In the following assignment I will be outlining the children I worked with: ages, previous classroom experience and ability. I will state the reasons for choosing materials as a topic and analyse the children’s understanding and knowledge both before and after their science lesson. I will then go on to analyse my role as a teacher, the successes and the weaknesses.

The Children

I started with five year three children: S, J, ST, G and O. All the children were aged eight. Their abilities were based on literacy skills and ability groupings.  Their previous year two teacher had been ill for quite some time subsequently the class had had quite a few supply teachers. The continuity of teaching was not there and so the class teacher and I thought it best to go with elicitation and assessments gained in literacy, see Appendix A. These would enable me to ascertain who would need extra synonyms and who would need help in completing written work. This assignment was completed in November 2003 and I had only worked with these children for two weeks prior to the commencement of this science task. Through these weeks I had gathered that these children liked to talk and the chosen topic should include this medium. As it was, the next whole topic to follow on the school’s long-term plans was materials. Appendix B shows the progression from rocks onto materials and the follow on topic, which was to be springs and magnets. The NC outlines this as grouping and classifying materials, 1a: compare materials on the basis of there properties and relate them to everyday uses.
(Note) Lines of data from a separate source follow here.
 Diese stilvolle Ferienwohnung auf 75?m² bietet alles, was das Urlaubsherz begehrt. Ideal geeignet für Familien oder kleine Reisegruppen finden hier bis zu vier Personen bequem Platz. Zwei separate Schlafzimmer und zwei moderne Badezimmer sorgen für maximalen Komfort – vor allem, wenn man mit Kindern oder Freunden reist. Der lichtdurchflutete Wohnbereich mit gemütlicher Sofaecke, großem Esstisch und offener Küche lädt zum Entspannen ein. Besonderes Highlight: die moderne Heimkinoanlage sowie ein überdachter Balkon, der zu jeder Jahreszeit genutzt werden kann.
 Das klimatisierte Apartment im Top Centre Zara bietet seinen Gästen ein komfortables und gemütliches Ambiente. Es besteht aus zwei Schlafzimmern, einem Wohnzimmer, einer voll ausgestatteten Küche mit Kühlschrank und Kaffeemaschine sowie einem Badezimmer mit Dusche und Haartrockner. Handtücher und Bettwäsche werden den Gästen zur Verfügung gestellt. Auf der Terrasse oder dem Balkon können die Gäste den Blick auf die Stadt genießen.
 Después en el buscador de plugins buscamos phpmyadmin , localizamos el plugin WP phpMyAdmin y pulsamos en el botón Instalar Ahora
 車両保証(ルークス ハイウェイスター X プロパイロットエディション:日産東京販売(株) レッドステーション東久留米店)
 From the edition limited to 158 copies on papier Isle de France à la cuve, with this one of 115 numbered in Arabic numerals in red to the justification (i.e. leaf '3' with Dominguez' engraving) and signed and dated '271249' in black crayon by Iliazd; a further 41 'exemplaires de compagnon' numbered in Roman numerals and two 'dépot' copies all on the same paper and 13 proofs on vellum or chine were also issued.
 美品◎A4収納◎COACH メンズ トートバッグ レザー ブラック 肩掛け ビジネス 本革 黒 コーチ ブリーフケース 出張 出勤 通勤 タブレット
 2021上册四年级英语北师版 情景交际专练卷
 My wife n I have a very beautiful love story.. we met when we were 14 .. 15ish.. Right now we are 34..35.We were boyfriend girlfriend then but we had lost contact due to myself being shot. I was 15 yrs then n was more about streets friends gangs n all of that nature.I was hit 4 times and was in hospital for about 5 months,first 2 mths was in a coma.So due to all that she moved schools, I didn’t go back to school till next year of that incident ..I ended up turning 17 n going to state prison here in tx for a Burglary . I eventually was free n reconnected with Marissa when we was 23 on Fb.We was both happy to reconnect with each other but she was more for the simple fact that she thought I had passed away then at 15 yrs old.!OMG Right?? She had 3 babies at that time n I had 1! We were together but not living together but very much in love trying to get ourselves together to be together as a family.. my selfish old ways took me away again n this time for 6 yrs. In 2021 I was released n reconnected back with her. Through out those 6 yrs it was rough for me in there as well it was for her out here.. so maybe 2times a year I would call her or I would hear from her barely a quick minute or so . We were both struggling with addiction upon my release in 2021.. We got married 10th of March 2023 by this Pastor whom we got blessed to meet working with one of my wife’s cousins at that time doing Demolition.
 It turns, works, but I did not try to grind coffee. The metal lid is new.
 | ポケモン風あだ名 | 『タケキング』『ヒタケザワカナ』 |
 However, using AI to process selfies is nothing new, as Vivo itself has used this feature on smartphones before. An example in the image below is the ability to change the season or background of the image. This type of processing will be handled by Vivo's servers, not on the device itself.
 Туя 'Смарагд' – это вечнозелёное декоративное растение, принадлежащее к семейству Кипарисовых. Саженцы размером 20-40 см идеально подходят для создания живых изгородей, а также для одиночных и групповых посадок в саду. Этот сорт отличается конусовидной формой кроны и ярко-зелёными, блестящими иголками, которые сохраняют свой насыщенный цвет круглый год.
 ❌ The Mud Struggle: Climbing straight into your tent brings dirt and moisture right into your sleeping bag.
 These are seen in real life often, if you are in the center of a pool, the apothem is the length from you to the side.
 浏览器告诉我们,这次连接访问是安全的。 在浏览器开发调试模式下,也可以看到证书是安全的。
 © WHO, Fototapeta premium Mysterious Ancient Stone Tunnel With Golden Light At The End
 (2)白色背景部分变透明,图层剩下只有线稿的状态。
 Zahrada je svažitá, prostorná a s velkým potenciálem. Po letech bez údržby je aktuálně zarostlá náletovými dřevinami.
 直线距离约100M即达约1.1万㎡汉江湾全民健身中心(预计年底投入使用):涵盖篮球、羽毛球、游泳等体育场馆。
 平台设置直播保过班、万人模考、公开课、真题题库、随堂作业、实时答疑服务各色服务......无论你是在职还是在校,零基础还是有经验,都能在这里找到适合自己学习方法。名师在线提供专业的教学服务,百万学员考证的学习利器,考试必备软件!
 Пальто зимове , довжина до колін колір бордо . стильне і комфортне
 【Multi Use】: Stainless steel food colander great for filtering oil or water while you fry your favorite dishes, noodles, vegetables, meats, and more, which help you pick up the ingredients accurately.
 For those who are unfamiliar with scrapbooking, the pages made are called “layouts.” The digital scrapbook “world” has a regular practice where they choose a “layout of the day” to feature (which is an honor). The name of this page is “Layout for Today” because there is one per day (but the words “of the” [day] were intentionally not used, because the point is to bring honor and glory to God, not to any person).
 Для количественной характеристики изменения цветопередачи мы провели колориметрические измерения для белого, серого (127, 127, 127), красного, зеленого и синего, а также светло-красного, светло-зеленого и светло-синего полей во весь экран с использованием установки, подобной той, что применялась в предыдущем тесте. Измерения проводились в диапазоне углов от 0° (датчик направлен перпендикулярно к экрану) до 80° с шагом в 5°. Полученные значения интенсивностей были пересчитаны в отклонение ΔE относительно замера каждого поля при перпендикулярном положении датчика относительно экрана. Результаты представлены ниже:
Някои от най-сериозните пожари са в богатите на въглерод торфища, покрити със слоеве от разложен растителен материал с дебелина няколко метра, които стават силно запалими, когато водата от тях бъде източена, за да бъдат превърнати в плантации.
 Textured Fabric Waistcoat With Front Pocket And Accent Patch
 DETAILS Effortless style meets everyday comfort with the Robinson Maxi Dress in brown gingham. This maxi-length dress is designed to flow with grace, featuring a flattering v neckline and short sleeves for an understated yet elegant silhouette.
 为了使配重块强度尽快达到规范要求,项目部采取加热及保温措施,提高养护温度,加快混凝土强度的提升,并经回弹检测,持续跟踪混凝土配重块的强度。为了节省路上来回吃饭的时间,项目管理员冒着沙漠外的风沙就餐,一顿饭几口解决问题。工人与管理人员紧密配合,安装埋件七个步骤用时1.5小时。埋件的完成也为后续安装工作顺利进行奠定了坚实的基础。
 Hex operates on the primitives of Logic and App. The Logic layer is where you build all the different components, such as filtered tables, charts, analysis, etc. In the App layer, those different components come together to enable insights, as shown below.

Children’s Ideas On Materials

Considering that each child from the time it was born has had some contact with its environment you would expect that there was some amount of historical background. Therefore comparing materials and relating them to everyday uses would include ideas and concepts built on childhood experiences. Piaget’s theory of cognitive development outlines that all children are on a quest to enhance their knowledge and to compartmentalise it to gain higher understanding. As Hetherington and Parke, 1999 sate:

Piaget believed that children play an active role in accomplishing this enormous task; that is, rather than passively wait to take in information from their environment, they continuously and actively seek out information and adapt it to the knowledge they already have.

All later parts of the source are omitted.